One of the many design decisions surrounding an NSX implementation concerns the distributed switch (VDS) and how far it should stretch. Many folks create one large VDS and stretch it across clusters for simplicity’s sake, which is fine. Be aware, however, that VMs can be manually pushed around from one cluster to the next via vMotion or erroneous administrator placement. If your VM happens to be consuming a port on an NSX logical switch, the VM can only live on a host in which NSX has been installed and configured.

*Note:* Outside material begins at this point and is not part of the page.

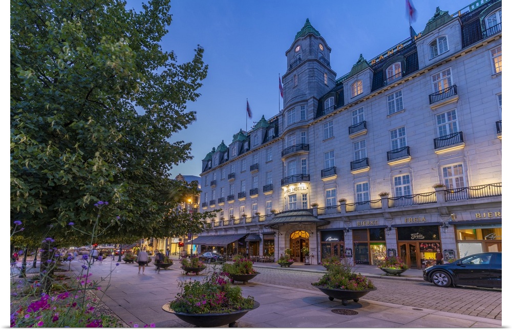 <p>View of Grand Hotel on Karl Johans Gate at dusk, Oslo, Norway, Scandinavia, Europe</p>

This is because the port groups that represent NSX logical switches – made obvious by the “virtualwire” name in the port groups – are attached to the VDS, which would be made available to all of your hosts that are joined to the VDS regardless of the installation of NSX software. Here’s a few examples of logical switches on a VDS:
I’ll admit that the risk here is small because DRS won’t automatically migrate a VM across clusters, but it may not be entirely obvious which clusters have NSX installed and which do not. Just be aware that normal vMotion checks do not look to see if the destination host has NSX installed. If the network and storage are available, the migration will be allowed. I’ve provided a sample illustration below:
Once a VM that relies upon NSX lands in a cluster without NSX installed, traffic will cease to flow. Additionally, the vNIC will be disconnected on the VM.

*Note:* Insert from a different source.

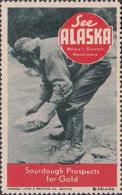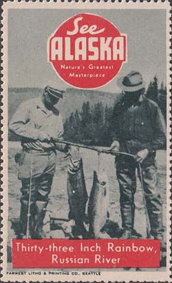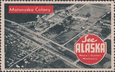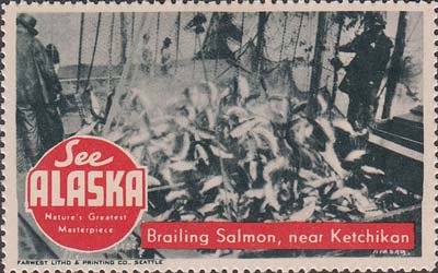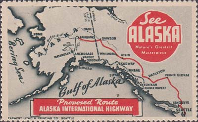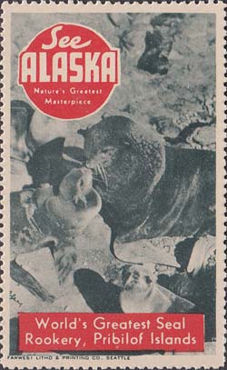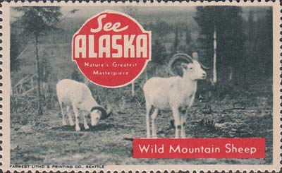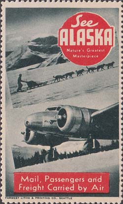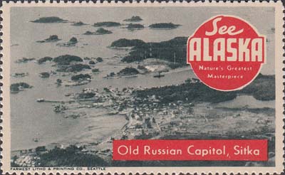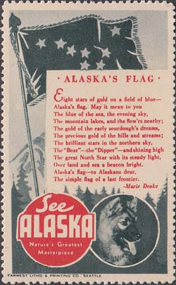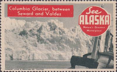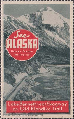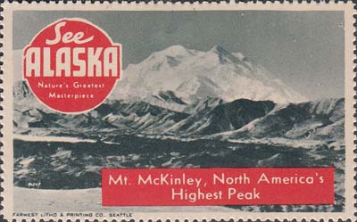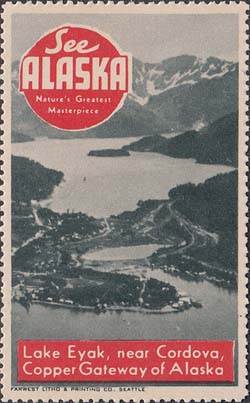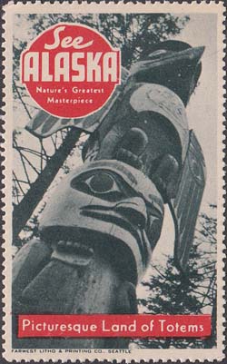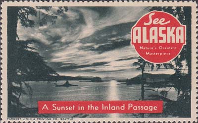 1948(?) г. Разм. рис. 38 х 63 или 63 х 38 мм. Трехцветная печать на белой бумаге. Зубц. 11 3/4. С клеем. В центр различные виды Аляски с подписями на английском языке. В круглой рамке текст в четыре строки на английском языке: "Виды величайших шедевров природы Аляски".

If you try to reconnect the vNIC, an error will pop up stating Invalid configuration for device ‘0’ even after you’ve migrated the VM onto a host with NSX installed. There’s a few ways to fix this, such as temporarily throwing the vNIC into a different port group and then moving it back. I’ll show you the cleaner method.
First, make sure the VM is back on a host that is attached to the NSX transport zone. Then, start by opening the vSphere Web Client and navigating to Networking & Security > Logical Switches. Select the logical switch that the VM should be using and click the Add Virtual Machine button.
Next, find the VM that needs to be fixed and check the box next to it.
Check the box next to the network adapter (vNIC) on that virtual machine.
Complete the wizard. The VM should now be properly reconnected to the logical switch and can be pinged once more.
I enjoy breaking things and then figuring out how to fix them. Should you do the same in your lab (or in production), you now have a solution. I don’t see this particular problem being all that common, but it would be nice if future versions of vSphere would also validate that the NSX bits were installed in the destination host before allowing a migration. A warning would be nice.